**EXERCISE DESCRIPTION:** In the material below, find the line containing "U utorak, 24." and the line containing "Questo cinturino Swatch". Output those two lines and all lines between them exactly, without pictures.

**RECORDED DATA:**
"""
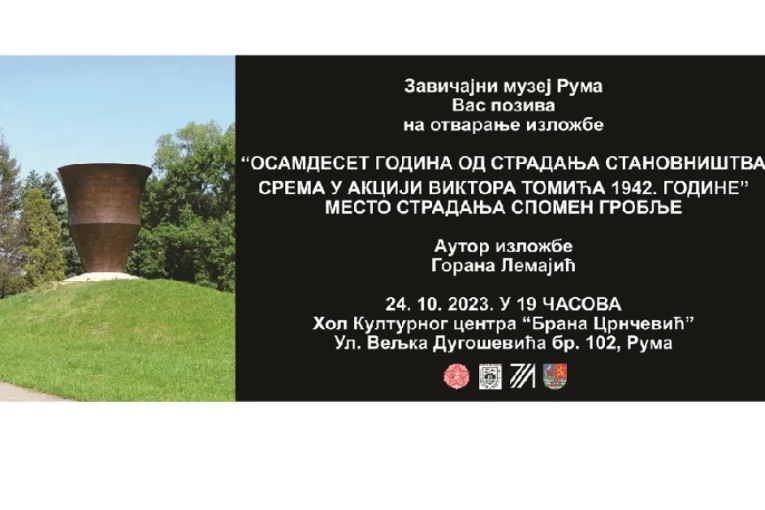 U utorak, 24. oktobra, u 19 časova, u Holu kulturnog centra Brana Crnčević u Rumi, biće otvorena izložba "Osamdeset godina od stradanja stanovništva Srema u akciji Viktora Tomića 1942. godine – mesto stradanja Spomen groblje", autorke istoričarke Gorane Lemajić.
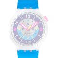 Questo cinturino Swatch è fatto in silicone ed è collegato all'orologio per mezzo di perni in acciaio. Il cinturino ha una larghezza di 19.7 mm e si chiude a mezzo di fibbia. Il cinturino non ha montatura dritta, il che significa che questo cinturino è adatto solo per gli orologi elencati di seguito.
"""
"""
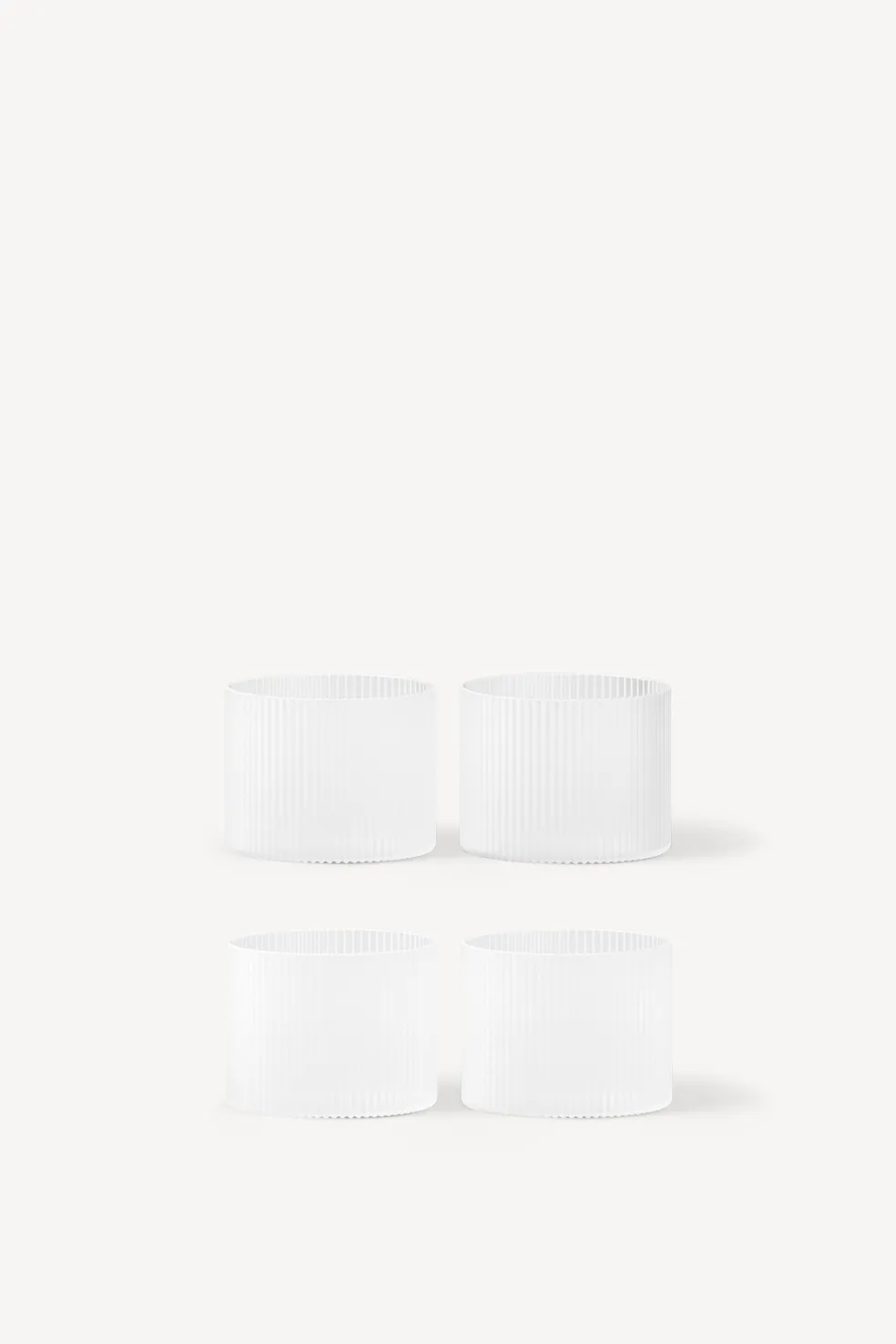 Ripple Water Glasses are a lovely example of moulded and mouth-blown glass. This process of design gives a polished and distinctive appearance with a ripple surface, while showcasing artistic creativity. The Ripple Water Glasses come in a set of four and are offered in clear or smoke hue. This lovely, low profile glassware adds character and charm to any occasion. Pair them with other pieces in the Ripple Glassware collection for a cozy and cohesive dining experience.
"""
"""
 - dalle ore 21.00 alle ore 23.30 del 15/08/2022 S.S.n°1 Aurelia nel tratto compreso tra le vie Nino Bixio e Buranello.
"""
**TASK RESULT:**
 U utorak, 24. oktobra, u 19 časova, u Holu kulturnog centra Brana Crnčević u Rumi, biće otvorena izložba "Osamdeset godina od stradanja stanovništva Srema u akciji Viktora Tomića 1942. godine – mesto stradanja Spomen groblje", autorke istoričarke Gorane Lemajić.
 Questo cinturino Swatch è fatto in silicone ed è collegato all'orologio per mezzo di perni in acciaio. Il cinturino ha una larghezza di 19.7 mm e si chiude a mezzo di fibbia. Il cinturino non ha montatura dritta, il che significa che questo cinturino è adatto solo per gli orologi elencati di seguito.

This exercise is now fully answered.